We talked for a while longer, but eventually I had to retire to bed.  I had to be at the CTV Ottawa studios early the next morning.  Carol showed me to the guest bedroom in her house and bade me goodnight.

My head hit the pillow, and seemingly immediately my alarm clock announced the arrival of morning.  I departed before Carol woke.

The Notebook

July 8th, 2011 1 comment

I woke up in the morning of my first full day in Fairbanks with a fever, a sore back, and a tight chest.  The symptoms made my foggy mind briefly consider “pulmonary embolism,” but since it was more of a dull pain than a sharp pain, I pushed the fears out of my mind.  I figured I was just sore from a rough night due to the endless sunlight and the somewhat uncomfortable bed.  I made a token attempt to get going for the day but soon decided that more sleep was in order.

When I finally got up a couple hours later, I noticed there was a voice message from an unfamiliar number on my cell phone.  It was from a woman named Marcy who said that she had found something I had lost and was wondering if I wanted it back.  Out of it as I was, I thought she said she had found my “black Sterno,” as in alcohol-gel cooking fuel.  I couldn’t figure out what that meant, so I started digging through my belongings.  I was trying to find something that was both missing and would have enough identifiable information to facilitate a return attempt.

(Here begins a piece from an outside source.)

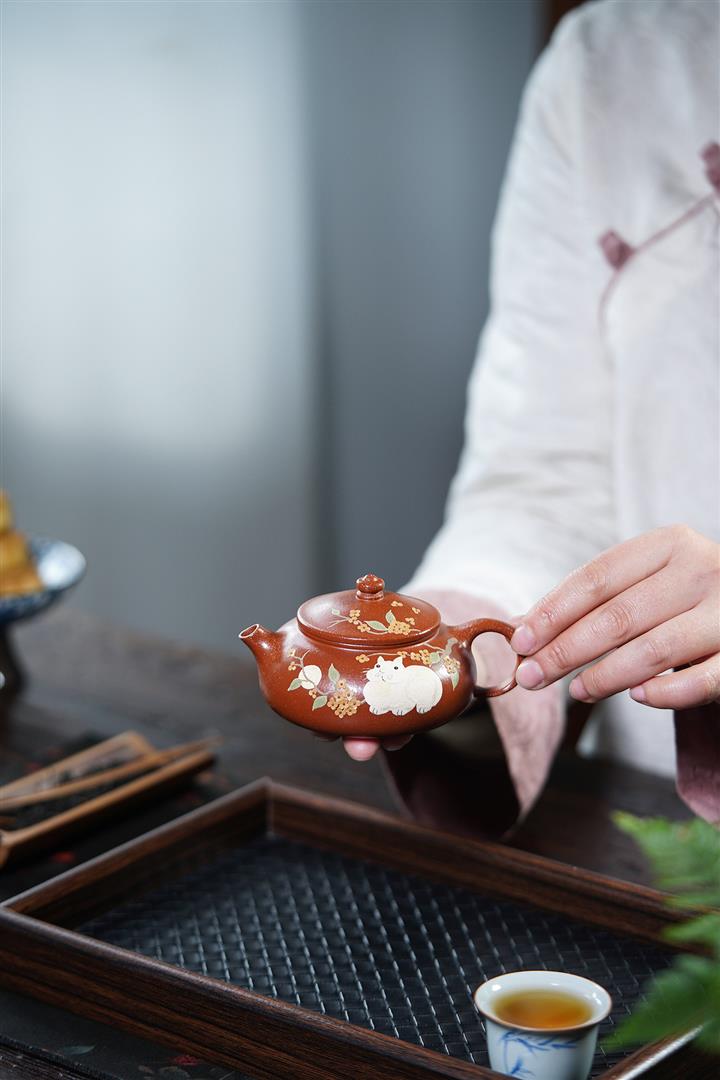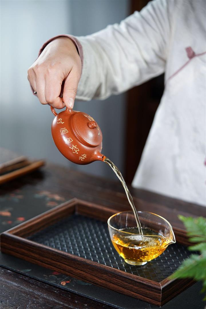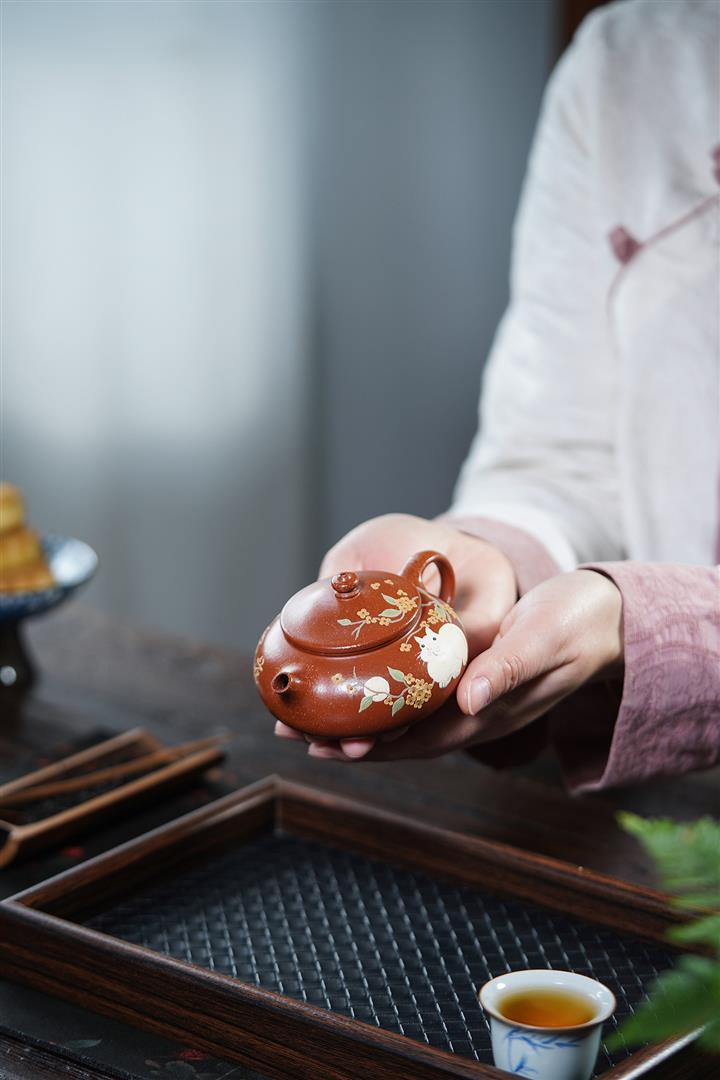 【泥料特點】砂土氣重,似淳實農民,日久使用,漸露鋒芒,養成變化,溫潤莊重。紫砂是壹種雙重氣孔結構的多孔性材質,氣孔微細,密度高。用紫砂壺沏茶,不失原味,且香不渙散,得茶之真香真味。紫砂使用越久,壺身色澤越發光亮照人,氣韻溫雅。紫砂壺長久使用器身會因撫摸擦拭,變得越發溫潤光澤。

My computer and cameras were all accounted for, so I went to Sam and started looking through my other luggage.  I was sitting in Sam’s passenger seat, digging through the glove box, when it struck me: I was missing my beloved black Moleskine notebook.

It all made sense: the notebook had my name, phone number, and email address on the title page.  I vaguely recalled putting the notebook on Sam’s roof the previous evening, but I didn’t remember taking it down again.  And the voice message?  Marcy wasn’t saying “black Sterno,” she was saying “black steno,” as in notebook.

Was I ever lucky that my notebook had been found and that somebody was trying to return it to me!  Just one problem: Marcy hadn’t left a call-back number, and the number saved on my phone went to some sort of PBX system, so I had no way of getting in touch with her.  I had to hope that she’d call back or email.

She did both, and soon I was on my way to meet her on Fort Wainwright, the US Army base near Fairbanks.

Marcy was a smiling manager working for one of the civilian contractors on base.  She told me that she had noticed my notebook sitting on the road, stopped, and picked it up.  She had flipped through it and decided by its contents that somebody would want it back.  I think she described the doodles within as looking “like something one of my sons would have done.”

She returned the notebook to me and graciously refused to accept a reward.  I thanked her profusely and went back to assess the condition of my notebook.

It was clear that it had been run over by at least one car; the tire tracks professed as much.  Despite that, everything was intact.  The cover was in good shape, no pages were missing or torn, and the mechanical pencil was still inside (albeit broken).   Yes, some of the pages were wrinkled, but that didn’t affect usability.

A nice tread mark on my Moleskine notebook.

I was impressed by the durability of my Moleskine notebook.  For those keeping track, I had complained about the poor quality of my previous soft-cover Moleskine, so the one that eventually got run over was the replacement that the company sent to me.  That newer one certainly seemed to hold up well.

Marcy’s kindness touched me.  To think that she actually stopped, retrieved my notebook, and went through the effort of getting it back to me was very moving.  And the notebook itself? Well, it pulled through well enough that I intend to continue using it until it’s full.